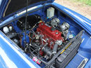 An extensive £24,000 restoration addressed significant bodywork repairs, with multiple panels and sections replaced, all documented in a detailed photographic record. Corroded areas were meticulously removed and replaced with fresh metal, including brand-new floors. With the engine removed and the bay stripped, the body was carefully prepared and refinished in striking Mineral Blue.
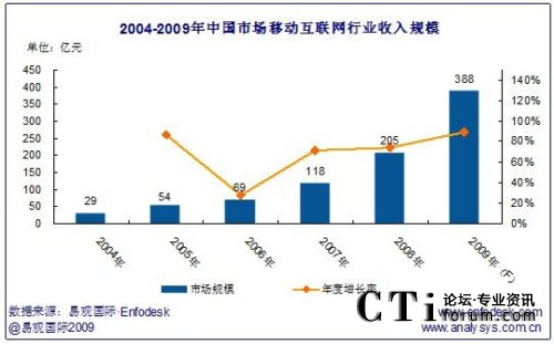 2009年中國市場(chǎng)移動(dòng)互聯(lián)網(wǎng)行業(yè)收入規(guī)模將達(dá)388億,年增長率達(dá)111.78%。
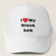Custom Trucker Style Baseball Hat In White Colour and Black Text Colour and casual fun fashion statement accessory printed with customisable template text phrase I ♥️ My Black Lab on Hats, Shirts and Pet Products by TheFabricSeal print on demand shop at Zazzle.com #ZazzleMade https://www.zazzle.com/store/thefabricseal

────────────────────

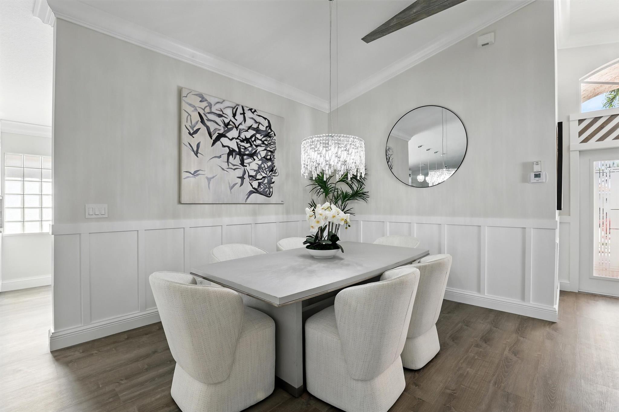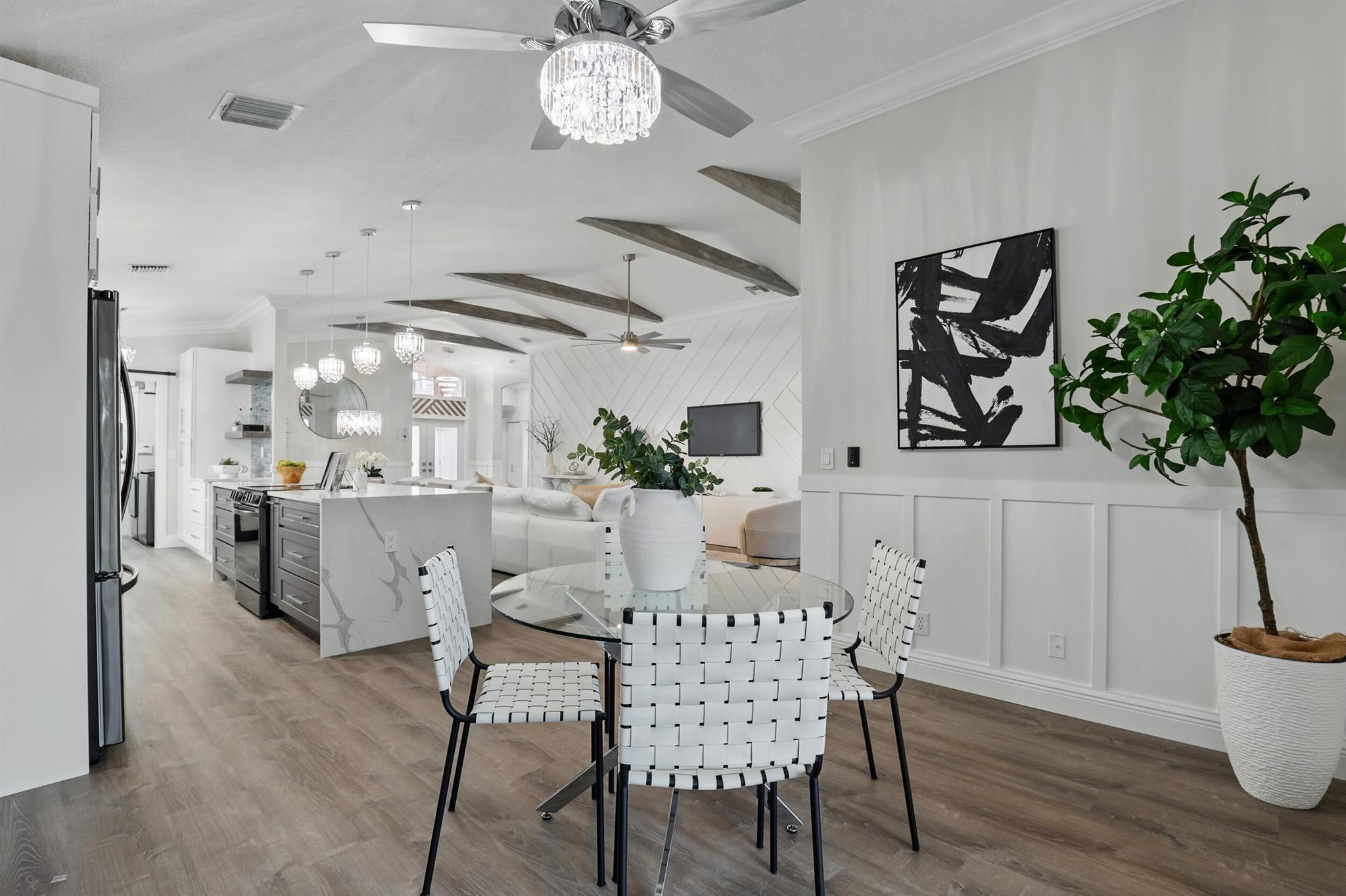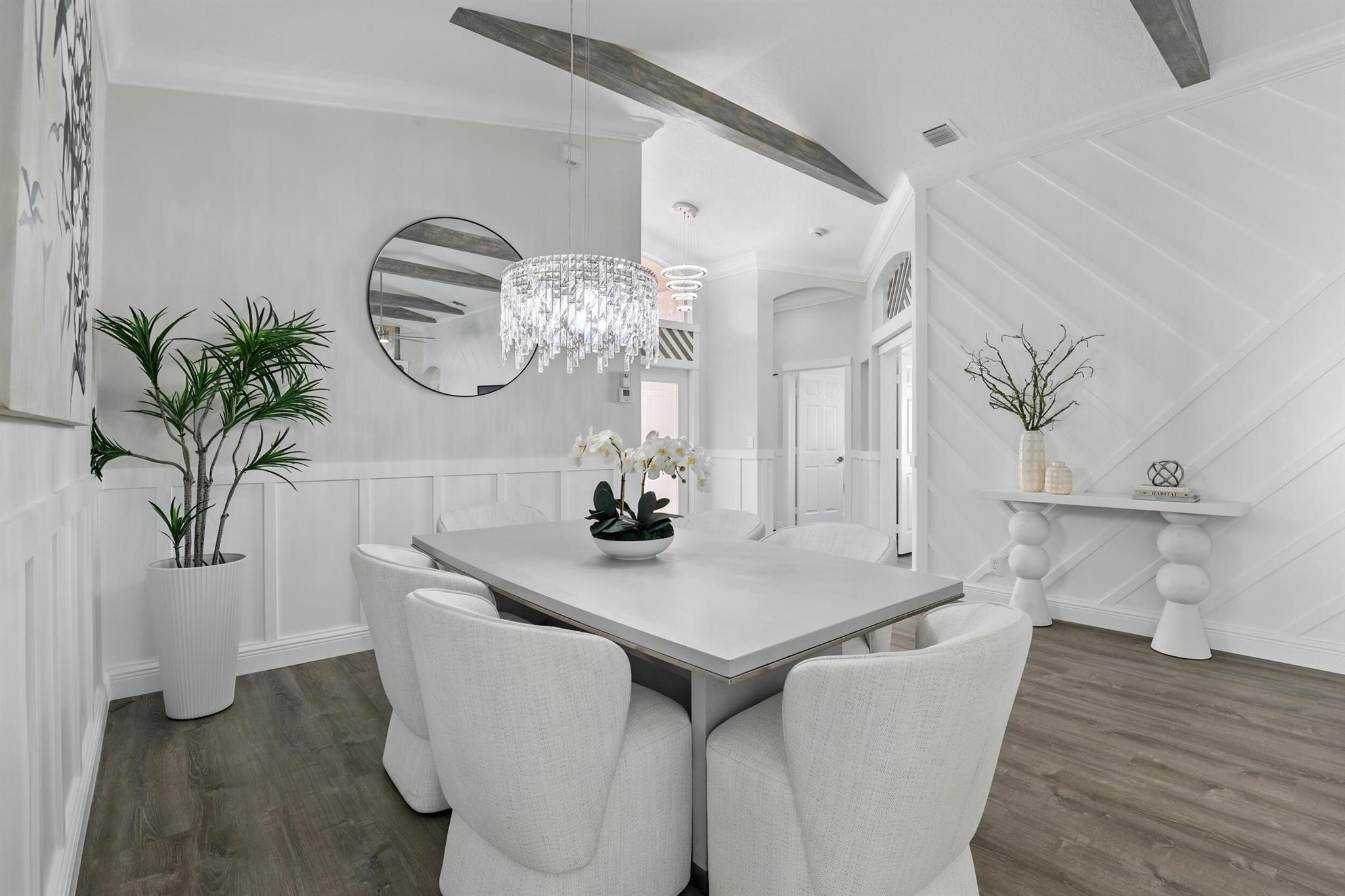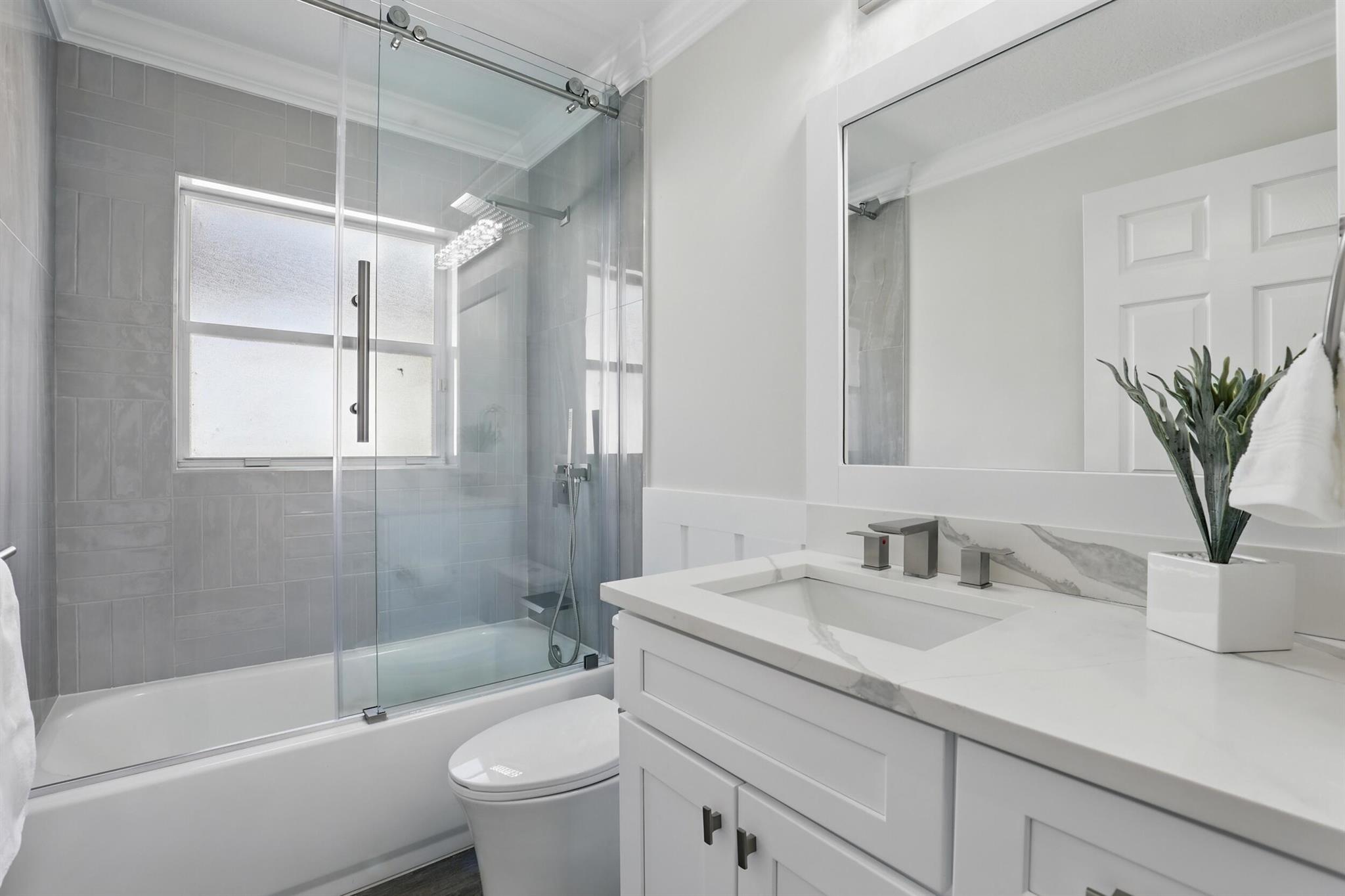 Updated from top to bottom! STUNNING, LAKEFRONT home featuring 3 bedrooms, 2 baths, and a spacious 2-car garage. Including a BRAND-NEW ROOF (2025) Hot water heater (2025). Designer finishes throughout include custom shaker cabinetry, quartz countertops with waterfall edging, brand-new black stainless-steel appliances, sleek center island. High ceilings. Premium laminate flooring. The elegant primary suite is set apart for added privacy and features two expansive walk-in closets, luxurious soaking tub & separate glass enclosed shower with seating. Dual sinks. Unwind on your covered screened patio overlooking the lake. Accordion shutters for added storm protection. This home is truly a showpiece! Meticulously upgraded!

────────────────────

Task description - From the listing above, please give again the lines that begin with the line holding "2009年中國市場(chǎn" and go on through the line holding "Custom Trucker Style", exactly, both ends included, minus any picture.

Answer to this task -
 2009年中國市場(chǎng)移動(dòng)互聯(lián)網(wǎng)行業(yè)收入規(guī)模將達(dá)388億,年增長率達(dá)111.78%。
Custom Trucker Style Baseball Hat In White Colour and Black Text Colour and casual fun fashion statement accessory printed with customisable template text phrase I ♥️ My Black Lab on Hats, Shirts and Pet Products by TheFabricSeal print on demand shop at Zazzle.com #ZazzleMade https://www.zazzle.com/store/thefabricseal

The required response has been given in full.